The CommandLineFunctions built into Queue, including the CommandLineFunctions
automatically generated for GATK Walkers, are all written using this pattern.
This means that when you configure a GATK Walker or one of the other built-in
CommandLineFunctions in a QScript, you can rely on all of your values being
safely escaped and taken literally when the commands are run, including values
containing characters that would normally be interpreted by the shell such as
MQ > 10.

Below is a brief overview of the API methods available to you in the CommandLineFunction class for safely constructing command lines:

  • required()

Used for command-line arguments that are always present, e.g.:

required("-f", "filename")                              returns: " '-f' 'filename' "
required("-f", "filename", escape=false)                returns: " -f filename "
required("java")                                        returns: " 'java' "
required("INPUT=", "myBam.bam", spaceSeparated=false)   returns: " 'INPUT=myBam.bam' "
  • optional()

Used for command-line arguments that may or may not be present, e.g.:

optional("-f", myVar) behaves like required() if myVar has a value, but returns ""
if myVar is null/Nil/None
  • conditional()

Used for command-line arguments that should only be included if some condition is true, e.g.:

conditional(verbose, "-v") returns " '-v' " if verbose is true, otherwise returns ""
  • repeat()

Used for command-line arguments that are repeated multiple times on the command line, e.g.:

repeat("-f", List("file1", "file2", "file3")) returns: " '-f' 'file1' '-f' 'file2' '-f' 'file3' "

3. Arguments

  • CommandLineFunction arguments use a similar syntax to arguments.

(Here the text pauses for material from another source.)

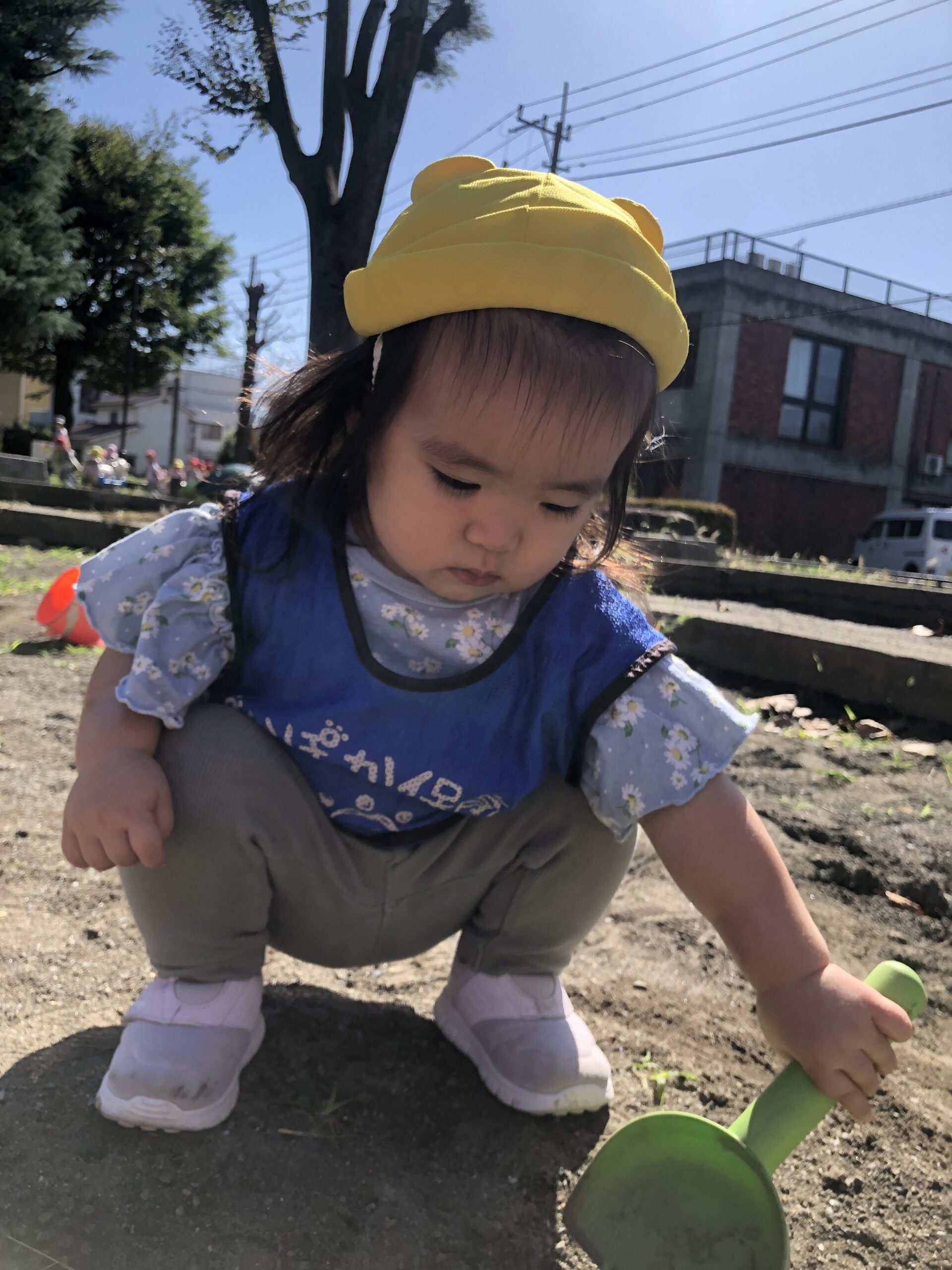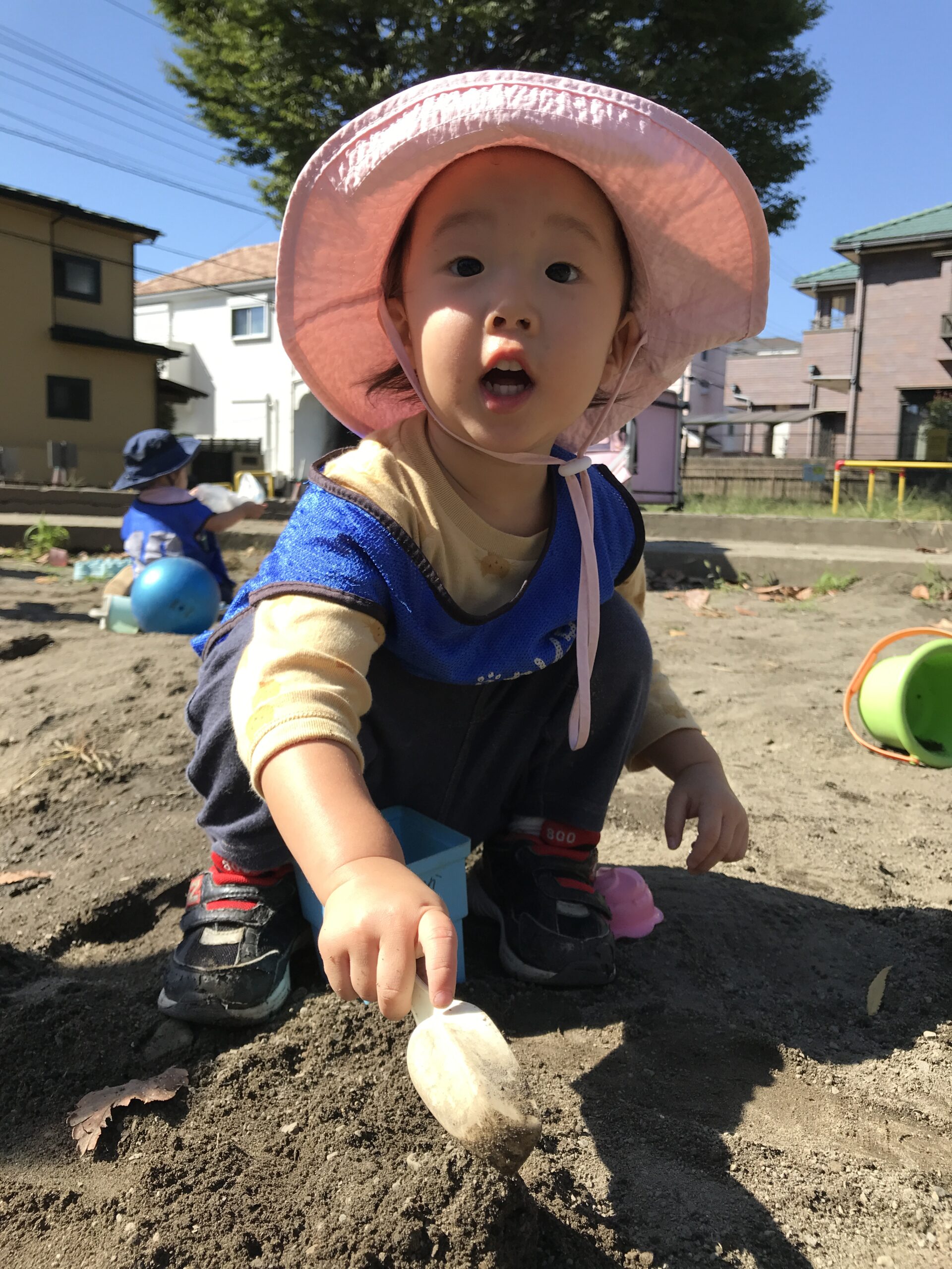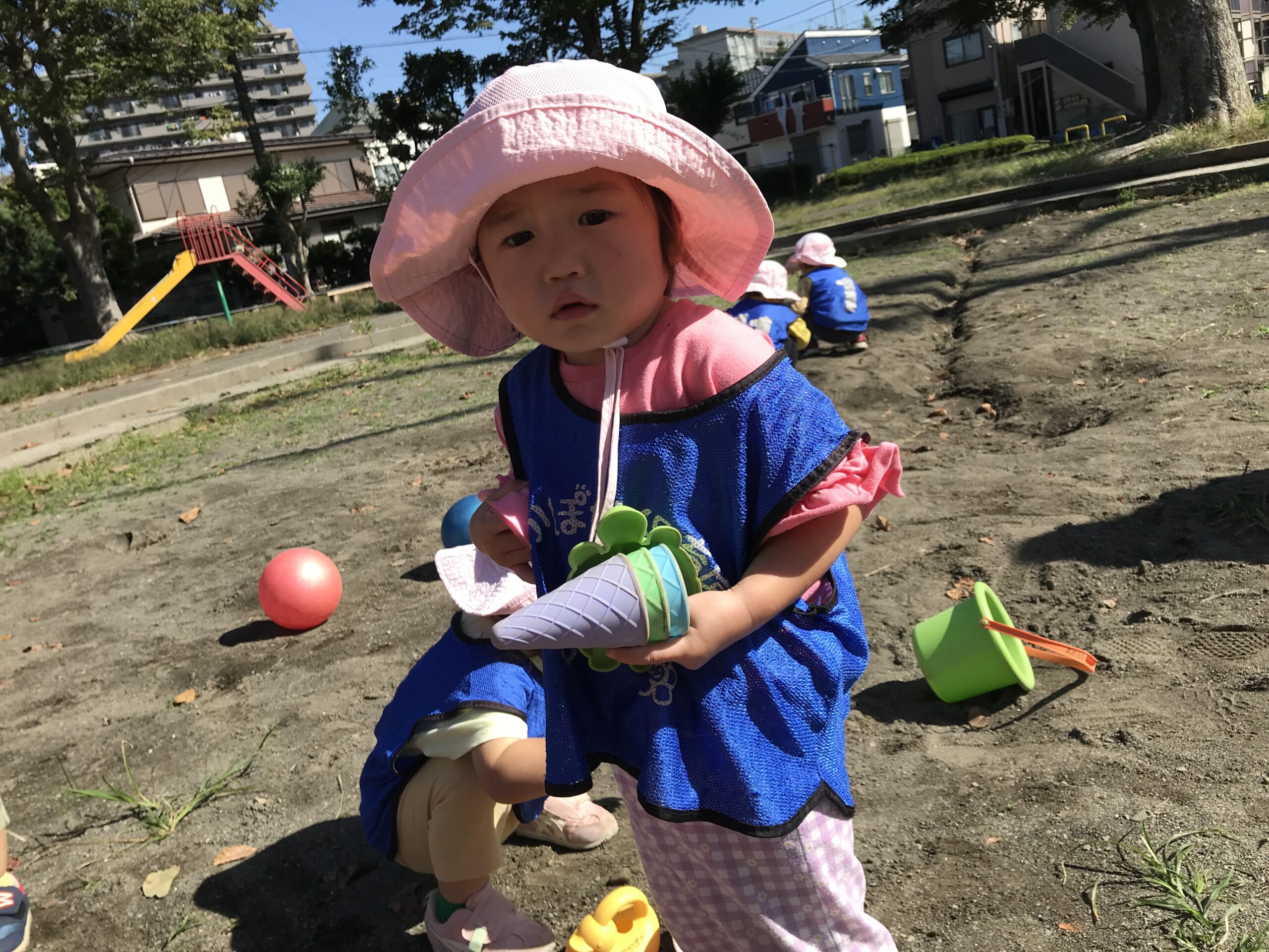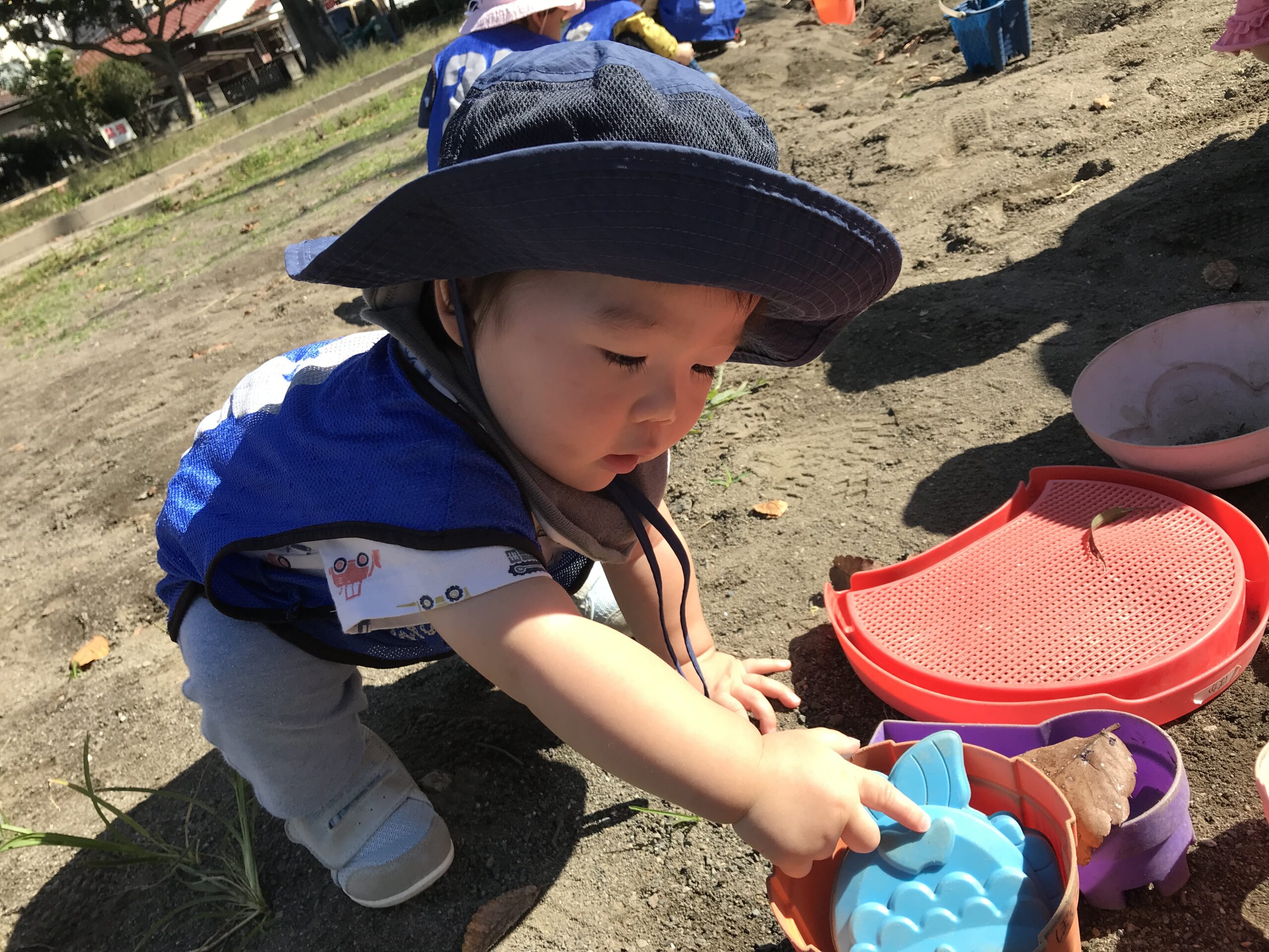 1歳児のお兄さん・お姉さんを真似して、スコップでバケツに砂を入れようと頑張る姿もありました。

  • CommandLineFunction variables are annotated with @Input, @Output, or @Argument annotations.

Input and Output Files

So that Queue can track the input and output files of a command, CommandLineFunction @Input and @Output must be objects.

class MyCommandLine extends CommandLineFunction {
  @Input(doc="input file")
  var inputFile: File = _
  def commandLine = " -fileParam " + inputFile


CommandLineFunction variables can also provide indirect access to inputs and outputs via the FileProvider trait.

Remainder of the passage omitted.